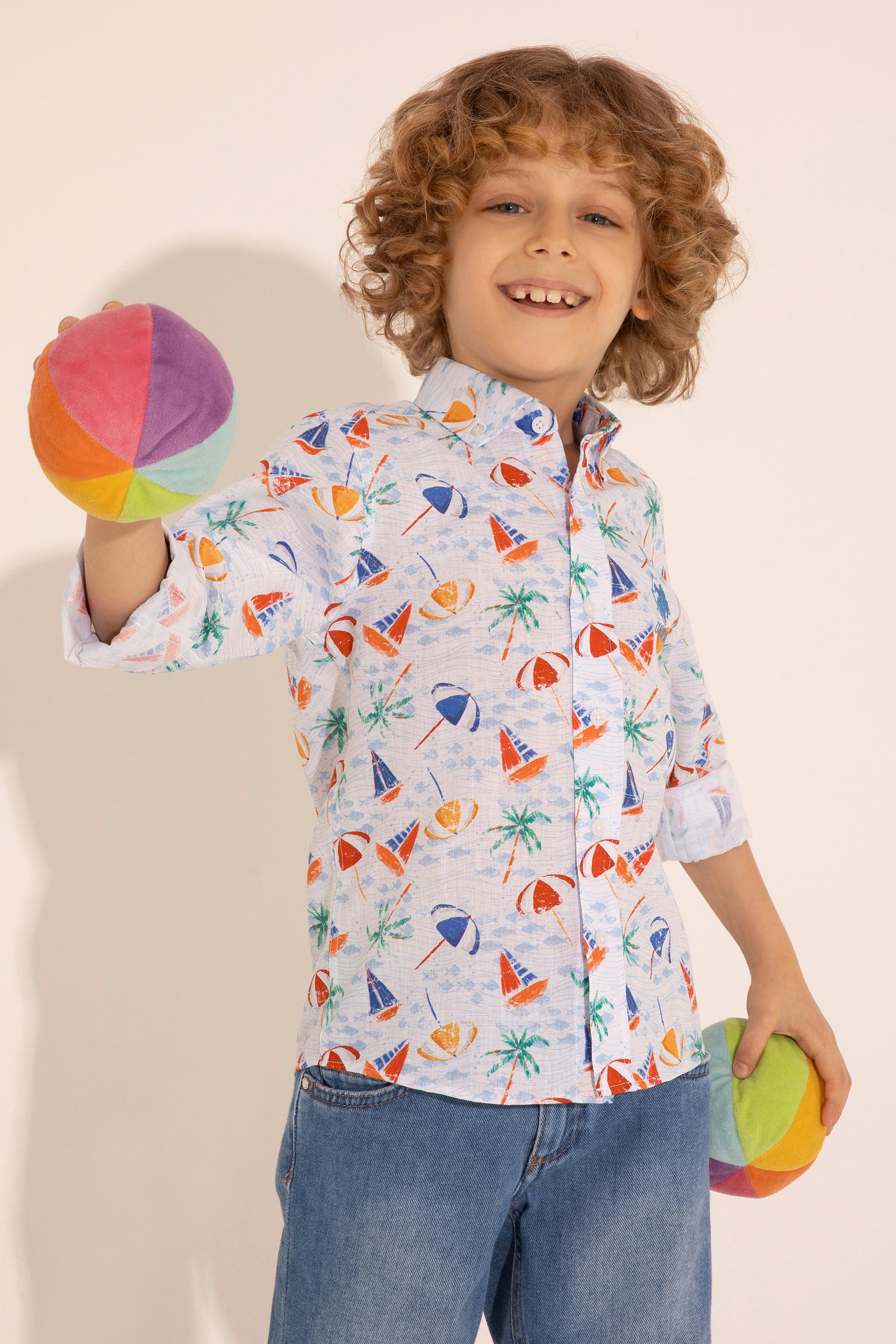 Erkek Çocuk Beyaz Uzun Kollu Gömlek
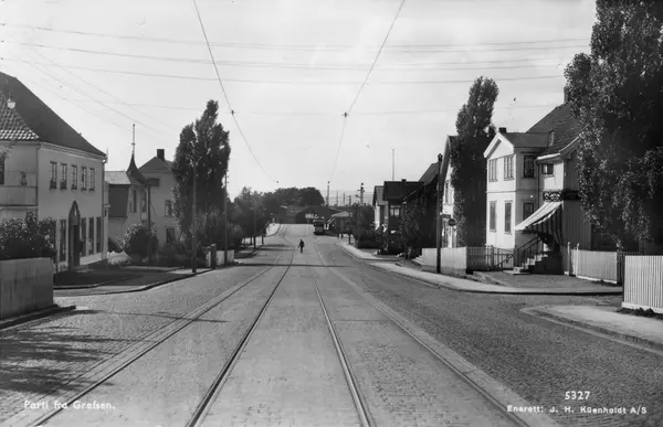 Grefsenveien med nr. 62 m/ markise. Bildet er tatt like ovenfor Bjerkealleen mot broen over jernbanen lengst nede (nåværende Storokrysset). Kjelsåsbanen åpnet i september 1934, bildet må være tatt etter det.
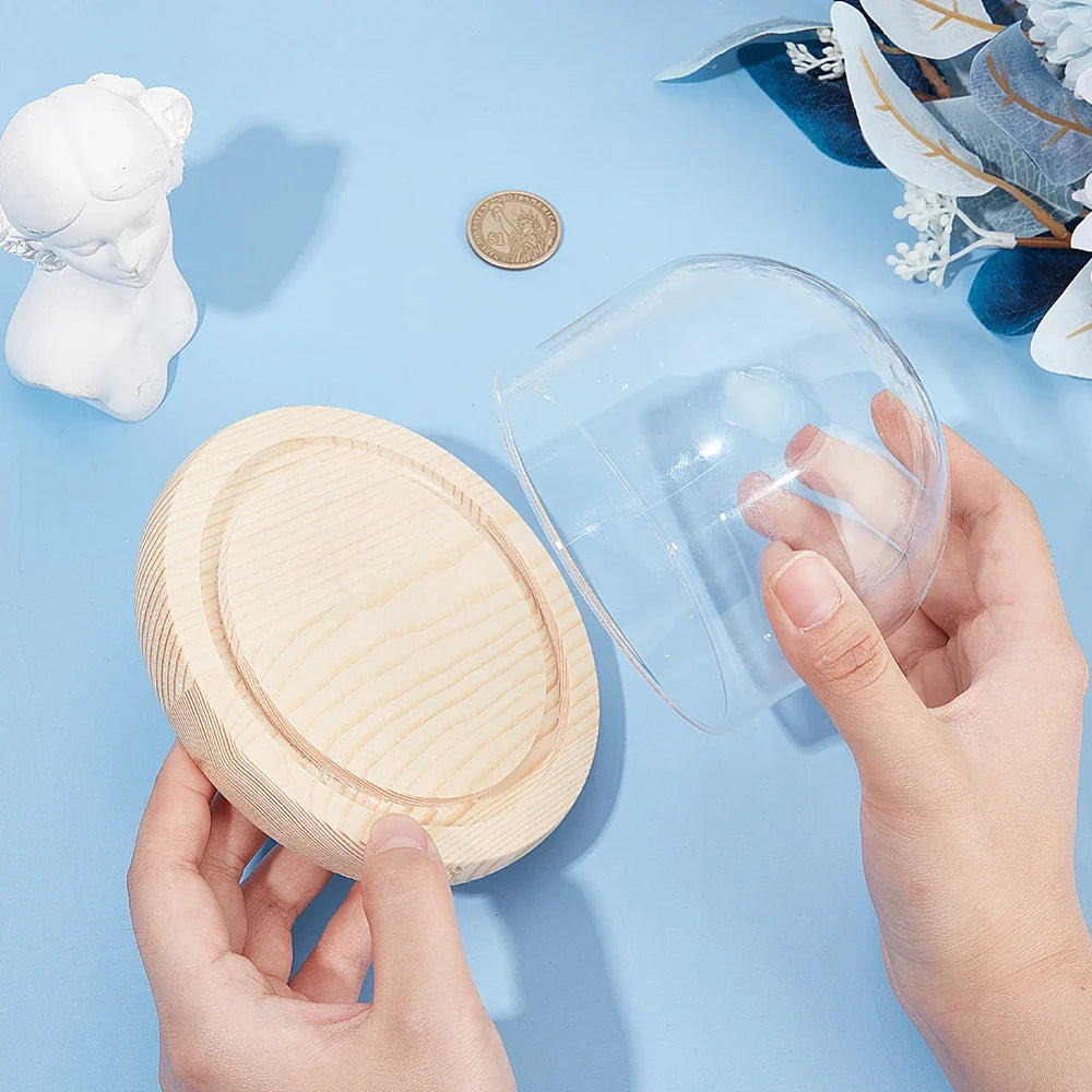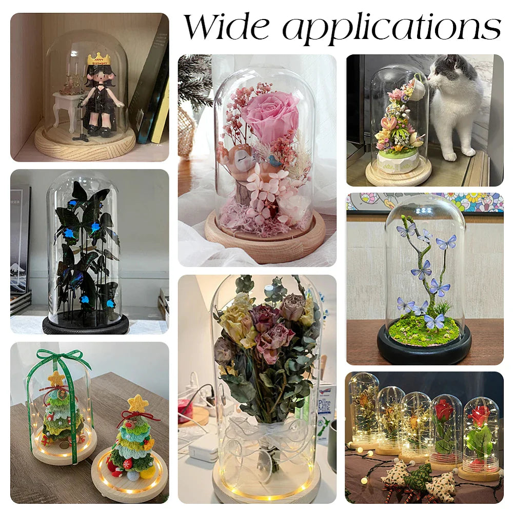Showcase your cherished items in style with this 125x95mm glass dome display case. Featuring a clean white wood base, it’s perfect for preserved flowers, collectibles, and DIY décor.
■ ■ ■ ■ ■ ■ ■
◆ PROBLEM STATEMENT ◆
Transcribe the material exactly, and leave out whatever pictures it holds.

◆ RESPONSE FOR THIS EXERCISE ◆
 Erkek Çocuk Beyaz Uzun Kollu Gömlek
 Grefsenveien med nr. 62 m/ markise. Bildet er tatt like ovenfor Bjerkealleen mot broen over jernbanen lengst nede (nåværende Storokrysset). Kjelsåsbanen åpnet i september 1934, bildet må være tatt etter det.
Showcase your cherished items in style with this 125x95mm glass dome display case. Featuring a clean white wood base, it’s perfect for preserved flowers, collectibles, and DIY décor.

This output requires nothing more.